The novel ends with Clare noting that she was encouraged to take a position as the deputy lead of the English department. Georgie shows promise as a horror writer. She uncovers the truth about Marianna: she was a dog, and Holland doted upon Marianna after his wife's death.

=== "The Stranger" ===
The short story begins with an anonymous narrator sharing a story and brandy with another passenger. When the narrator was a young man studying divinity in Cambridge, he was invited to join the prestigious Hell Club. For the initiation ceremony he and several others were, at midnight, to enter an abandoned home blindfolded, light a candle, and proclaim "Hell is Empty" from a window on the house's upper floors, then wait for the others to answer "and all the devils are here!". When it comes time for the narrator to make his trek, he succeeds in performing his task but when removing his blindfold he discovers that the others have all been murdered. Only a couple of other members that were with him survived and they are sworn to secrecy. The bodies are discovered and although there are rumors about their ties to the murders, they are never questioned. In the following years the narrator manages to temporarily achieve normalcy but becomes withdrawn and obsessed when the other survivors of the night's murders are discovered murdered on Halloween, one each year.
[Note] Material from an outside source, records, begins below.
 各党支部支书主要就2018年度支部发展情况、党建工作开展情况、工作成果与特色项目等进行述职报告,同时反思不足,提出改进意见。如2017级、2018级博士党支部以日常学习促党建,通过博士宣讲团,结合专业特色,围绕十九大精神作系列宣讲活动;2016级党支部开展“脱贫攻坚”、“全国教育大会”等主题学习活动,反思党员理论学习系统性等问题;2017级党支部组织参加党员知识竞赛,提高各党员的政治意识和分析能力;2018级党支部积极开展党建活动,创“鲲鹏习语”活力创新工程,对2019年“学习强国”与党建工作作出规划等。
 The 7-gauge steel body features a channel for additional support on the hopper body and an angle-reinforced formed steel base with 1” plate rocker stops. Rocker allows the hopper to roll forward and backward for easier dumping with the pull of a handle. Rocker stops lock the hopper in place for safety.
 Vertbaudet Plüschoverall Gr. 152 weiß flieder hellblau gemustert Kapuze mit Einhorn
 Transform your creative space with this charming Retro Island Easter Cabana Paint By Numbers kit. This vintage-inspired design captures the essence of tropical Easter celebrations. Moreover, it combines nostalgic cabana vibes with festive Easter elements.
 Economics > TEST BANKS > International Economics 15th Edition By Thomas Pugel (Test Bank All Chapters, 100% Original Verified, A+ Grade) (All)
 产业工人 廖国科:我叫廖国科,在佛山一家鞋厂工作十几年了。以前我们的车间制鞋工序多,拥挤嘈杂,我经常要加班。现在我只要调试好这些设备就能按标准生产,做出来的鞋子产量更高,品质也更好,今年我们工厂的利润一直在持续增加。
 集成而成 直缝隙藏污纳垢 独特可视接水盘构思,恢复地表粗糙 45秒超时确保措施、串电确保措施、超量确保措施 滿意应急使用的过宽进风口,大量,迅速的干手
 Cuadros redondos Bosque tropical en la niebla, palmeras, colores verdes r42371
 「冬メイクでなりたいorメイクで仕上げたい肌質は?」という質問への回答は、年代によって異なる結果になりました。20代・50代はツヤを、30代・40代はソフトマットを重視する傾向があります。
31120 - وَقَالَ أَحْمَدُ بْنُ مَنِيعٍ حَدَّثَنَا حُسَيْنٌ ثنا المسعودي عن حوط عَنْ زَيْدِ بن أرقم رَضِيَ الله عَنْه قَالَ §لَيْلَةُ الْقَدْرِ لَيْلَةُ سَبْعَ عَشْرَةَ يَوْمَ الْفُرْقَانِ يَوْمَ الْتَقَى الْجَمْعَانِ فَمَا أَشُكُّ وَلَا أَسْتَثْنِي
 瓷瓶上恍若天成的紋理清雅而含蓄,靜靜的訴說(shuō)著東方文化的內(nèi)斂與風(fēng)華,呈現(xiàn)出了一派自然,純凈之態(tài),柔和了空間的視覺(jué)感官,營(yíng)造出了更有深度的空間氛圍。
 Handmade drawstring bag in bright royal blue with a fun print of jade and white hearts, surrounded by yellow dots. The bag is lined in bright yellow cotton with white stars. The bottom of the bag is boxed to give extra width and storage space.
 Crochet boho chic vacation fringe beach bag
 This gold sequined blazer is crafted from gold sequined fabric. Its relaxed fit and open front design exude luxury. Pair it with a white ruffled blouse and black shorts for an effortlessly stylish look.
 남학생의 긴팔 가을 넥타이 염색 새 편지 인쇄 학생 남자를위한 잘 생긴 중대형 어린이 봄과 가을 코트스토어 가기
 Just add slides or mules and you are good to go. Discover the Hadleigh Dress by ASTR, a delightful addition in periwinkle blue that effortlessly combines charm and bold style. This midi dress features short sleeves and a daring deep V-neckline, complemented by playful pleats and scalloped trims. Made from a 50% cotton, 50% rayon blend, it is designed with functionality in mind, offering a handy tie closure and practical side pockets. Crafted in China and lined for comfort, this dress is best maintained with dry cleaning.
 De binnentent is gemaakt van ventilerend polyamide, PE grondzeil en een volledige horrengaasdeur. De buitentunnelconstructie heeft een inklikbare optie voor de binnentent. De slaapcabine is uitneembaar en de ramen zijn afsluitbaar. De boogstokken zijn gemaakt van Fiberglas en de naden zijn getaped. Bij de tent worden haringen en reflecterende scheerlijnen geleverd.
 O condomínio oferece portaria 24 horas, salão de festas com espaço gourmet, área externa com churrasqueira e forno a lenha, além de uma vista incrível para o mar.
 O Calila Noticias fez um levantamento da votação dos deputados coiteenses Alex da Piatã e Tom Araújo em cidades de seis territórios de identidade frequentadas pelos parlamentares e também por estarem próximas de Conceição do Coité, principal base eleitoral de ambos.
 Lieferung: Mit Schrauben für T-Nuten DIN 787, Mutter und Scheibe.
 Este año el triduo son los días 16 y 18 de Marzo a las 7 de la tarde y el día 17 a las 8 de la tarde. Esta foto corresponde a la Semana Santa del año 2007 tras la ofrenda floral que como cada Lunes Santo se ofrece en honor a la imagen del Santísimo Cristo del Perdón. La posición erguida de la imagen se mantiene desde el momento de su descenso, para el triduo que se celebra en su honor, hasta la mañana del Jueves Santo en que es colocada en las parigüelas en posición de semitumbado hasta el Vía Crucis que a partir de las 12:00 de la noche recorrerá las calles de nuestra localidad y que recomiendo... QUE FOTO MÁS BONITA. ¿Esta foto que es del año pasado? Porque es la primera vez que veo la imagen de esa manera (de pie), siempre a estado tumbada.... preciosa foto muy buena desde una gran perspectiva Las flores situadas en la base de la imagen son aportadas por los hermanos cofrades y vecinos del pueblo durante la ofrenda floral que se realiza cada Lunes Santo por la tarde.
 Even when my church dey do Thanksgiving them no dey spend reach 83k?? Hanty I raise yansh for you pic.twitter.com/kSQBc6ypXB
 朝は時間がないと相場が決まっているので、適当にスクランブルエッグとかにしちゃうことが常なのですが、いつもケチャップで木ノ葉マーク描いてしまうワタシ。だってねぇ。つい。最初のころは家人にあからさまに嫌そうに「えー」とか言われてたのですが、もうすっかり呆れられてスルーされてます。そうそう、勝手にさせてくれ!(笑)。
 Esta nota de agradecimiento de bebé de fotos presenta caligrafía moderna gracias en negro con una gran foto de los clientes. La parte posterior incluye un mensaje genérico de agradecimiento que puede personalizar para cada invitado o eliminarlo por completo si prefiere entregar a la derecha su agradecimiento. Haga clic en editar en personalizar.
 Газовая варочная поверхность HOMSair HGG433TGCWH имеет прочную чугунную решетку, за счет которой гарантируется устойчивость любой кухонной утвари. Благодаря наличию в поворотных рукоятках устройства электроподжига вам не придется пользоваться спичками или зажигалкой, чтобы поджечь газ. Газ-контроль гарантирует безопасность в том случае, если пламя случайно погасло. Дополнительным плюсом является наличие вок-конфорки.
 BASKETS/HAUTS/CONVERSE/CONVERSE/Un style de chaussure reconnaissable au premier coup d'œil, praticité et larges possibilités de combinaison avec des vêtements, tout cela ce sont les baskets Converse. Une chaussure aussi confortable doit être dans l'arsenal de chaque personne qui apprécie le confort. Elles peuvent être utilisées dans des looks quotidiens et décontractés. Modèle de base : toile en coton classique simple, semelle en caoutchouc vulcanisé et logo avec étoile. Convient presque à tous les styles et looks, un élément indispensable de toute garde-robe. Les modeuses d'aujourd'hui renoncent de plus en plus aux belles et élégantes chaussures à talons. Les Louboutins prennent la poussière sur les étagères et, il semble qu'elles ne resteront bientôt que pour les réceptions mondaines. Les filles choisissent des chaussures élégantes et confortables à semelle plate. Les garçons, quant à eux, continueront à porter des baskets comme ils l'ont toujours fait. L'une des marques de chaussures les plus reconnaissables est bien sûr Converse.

Determined not to fall victim as he is the only one left, the narrator has chosen to travel on a train, accompanied by his faithful hound Herbert.

He concludes the narration by noting that the passenger must be feeling the effect of the brandy, which he laced with a plant that can paralyze the drinker and subject them to hallucinations. The narrator apologizes, stating that he doesn't know what is after him but hopes that it will be satisfied by the passenger's life instead.

== Development ==
Griffith chose to set the novel in an ordinary school as she "wanted to set the book somewhere very everyday as well, somewhere that can bridge the everyday and the more spooky and surreal". She drew upon her twin children when writing the character of Georgie and her own experiences of writing a diary, a practice she has kept up since the age of 11, for Clare's habit of journal writing. Griffith stated that she was interested in revisiting the character but that The Stranger Diaries was initially intended to be a standalone novel. In 2020 she released the second novel in the series, The Postscript Murders, through Quercus Publishing.

==Release==
The Stranger Diaries was first published in paperback format in the United Kingdom during 2018 through Quercus Publishing. It was re-published in hardcover in the United States and United Kingdom on 5 March 2019 through Houghton Mifflin. An audiobook adaptation narrated by Esther Wane, Sarah Feathers, and Anjana Vasan Quercus, with Andrew Wincott narrating the portions of "The Stranger", was released through Quercus Publishing and Recorded Books.

A Swedish translation by Carla Wiberg was published in Sweden through Modernista, which also released an audiobook adaptation narrated by Angela Kovács. Hugo Thriller published a French translation that same year, under the title Le Journal de Claire Cassidy.

==Reception==
The Guardian and Seattle Times both reviewed The Stranger Diaries, with the Seattle Times drawing comparison to Anthony Horowitz's Magpie Murders and both outlets praising the novel's characters.